> **Data provided**:
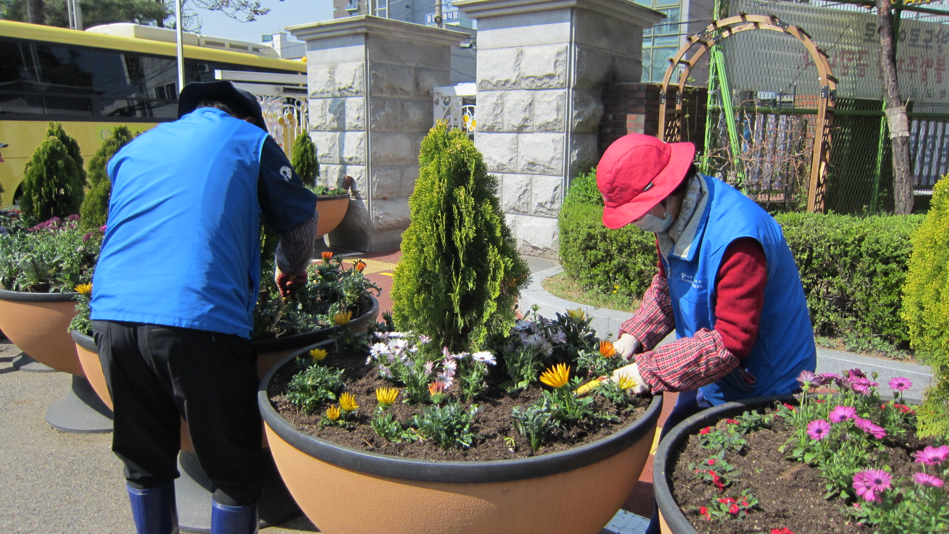 송정초등학교에서는 교문 앞 화분에 그린에듀봉사단과 주무관님의 도움으로 예쁜 꽃을 심었습니다. 따뜻한 봄바람을 타고 퍼지는 꽃향기가 송정초등학교에 가득하기를 기원합니다.
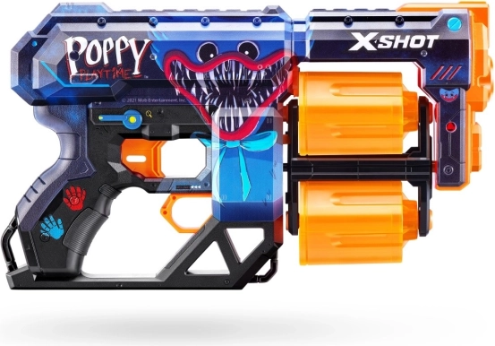 De X-SHOT Skins Dread Jumpscare blaster brengt het plezier tot het maximum. De lichte en duurzame constructie, opvallende graphics en intuïtief laden maken dit pistool tot de ideale keuze voor snelle duels binnen en buiten. De draaibare trommel zorgt voor soepel, opeenvolgend afvuren van darts en houdt het tempo dat jij bepaalt.
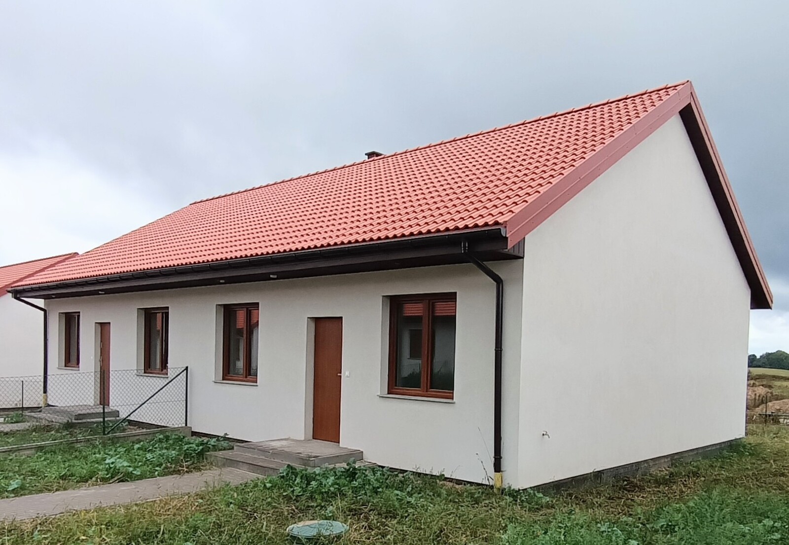 Dach pokryty betonową dachówką wykończony podbitką z oświetleniem , dom ocieplony styropianem 15 cm .Okna wyposażone w rolety antywłamaniowe, w lokalu rozprowadzone jest ogrzewanie podłogowe oraz zamontowana pompa ciepła .
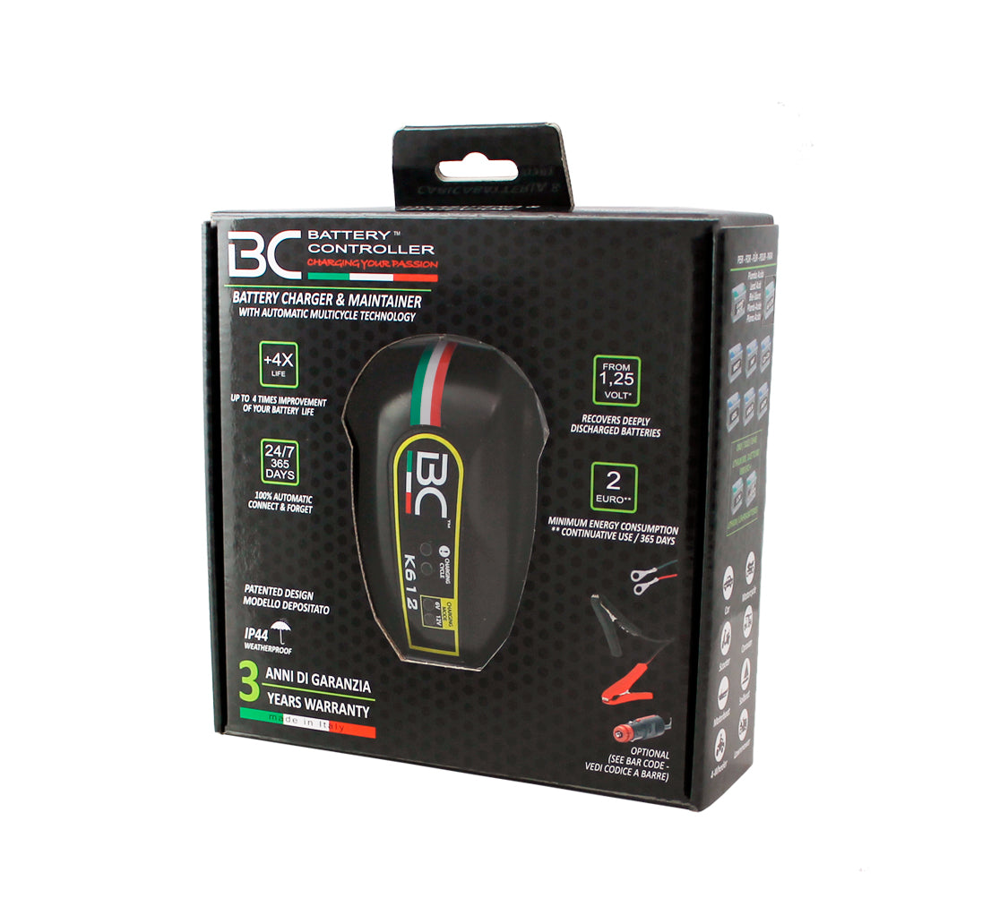 Dank seines funkenfesten Systems (Funkenschutz) und seines Schutzes gegen Überlastungen, Polaritätsumkehrungen und Kurzschlüsse gewährleistet der BC K612 ein hohes Maß an Schutz. Er wurde an allen Marken von Motorrädern und Rollern getestet und garantiert absolute Kompatibilität mit dem elektronisches System jedes Motorrads / Rollers.
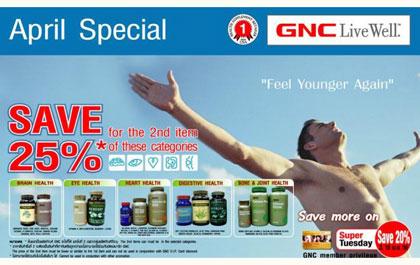 ศูนย์รวมผลิตภัณฑ์เสริมอาหาร GNC (General Nutrition Centers) จากสหรัฐอเมริกา สนับสนุนให้ทุกครอบครัวมีสุขภาพดีรับวันครอบครัวโดยเฉพาะท่านผู้หลักผู้ใหญ่ที่เป็นเสมือนร่มโพธิ์ ร่มไทรของเรา โดยตั้งแต่วันนี้ – 30 เมษายน 2550 รับส่วนลด 25% เมื่อซื้อผลิตภัณฑ์เสริมอาหาร GNC ในชิ้นที่ 2 สำหรับกลุ่มบำรุงสมอง, ดวงตา, หัวใจ, ระบบย่อยอาหาร, กระดูกและข้อต่อ เช่น บิลเบอร์รี่, จิงโกไบโลบา (แปะก๊วย), แคลเซียม, อัลฟัลฟา, โคเอมไซม์ คิว-10 เป็นต้น และเมื่อซื้อครบทุก 1,000 บาท รับฟรี! ตลับยา GNC Red Pill Box มูลค่า 45 บาท
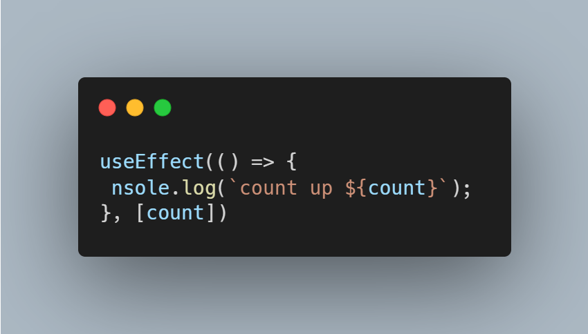 console.log(`count up ${count}`);
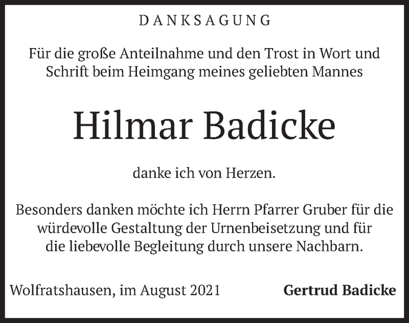 Hier finden Sie alle Traueranzeigen aus der Zeitung, die bisher für Hilmar Badicke erschienen sind. Weitere Traueranzeigen, die in der Zeitung erscheinen, werden hier ebenfalls aufgelistet
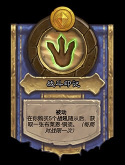 · 改動后:[1鑄幣]戰斗開始時:使每個不同類型的各一個友方隨從獲得+3/+2。永久提升此效果。
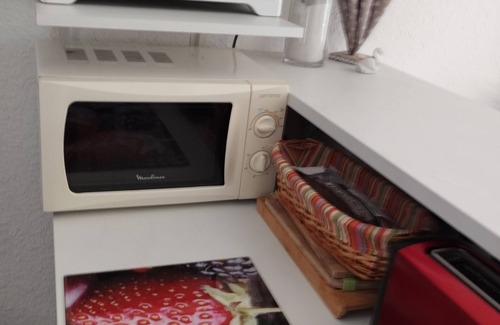La zona de cocina (conocido en los EE.UU.) se compone de: Un conjunto mueble de cocina (arriba / abajo) hundir 1 plato, 1 escurridor, 2 cocina eléctrica con extractor, microondas, cafetera, tetera, tostadora , lavavajillas, refrigerador está en la liberación + un juego de cubiertos, vajilla y todos los accesorios necesarios para 4/6 personas para cocinar y las comidas.
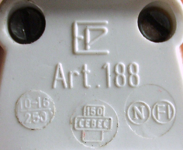 Pistokkeessa on ruotsalaisen (S), norjalaisen (N) ja suomalaisen (FI) testilaboratorion merkki muttei CE-merkintää.
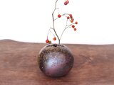 上部が裂けたような球体の一輪差し。土の素朴な雰囲気は野花との相性がよく部屋のインテリアとしても楽しんでいただけます。
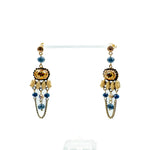 Orecchini pendenti tipo dal sapore "folk", allo stesso tempo eleganti e raffinati. Colori beige e blu. Galvanica oro a spessore. Perno a lobo con punto luce colore topazio. Lavorazione artigianale, Made in Italy.

> **To do**: Pictures stay out. Transcribe the lines from the start of the entries above through the line with "De X-SHOT Skins", exactly.

> **Written solution**:
 송정초등학교에서는 교문 앞 화분에 그린에듀봉사단과 주무관님의 도움으로 예쁜 꽃을 심었습니다. 따뜻한 봄바람을 타고 퍼지는 꽃향기가 송정초등학교에 가득하기를 기원합니다.
 De X-SHOT Skins Dread Jumpscare blaster brengt het plezier tot het maximum. De lichte en duurzame constructie, opvallende graphics en intuïtief laden maken dit pistool tot de ideale keuze voor snelle duels binnen en buiten. De draaibare trommel zorgt voor soepel, opeenvolgend afvuren van darts en houdt het tempo dat jij bepaalt.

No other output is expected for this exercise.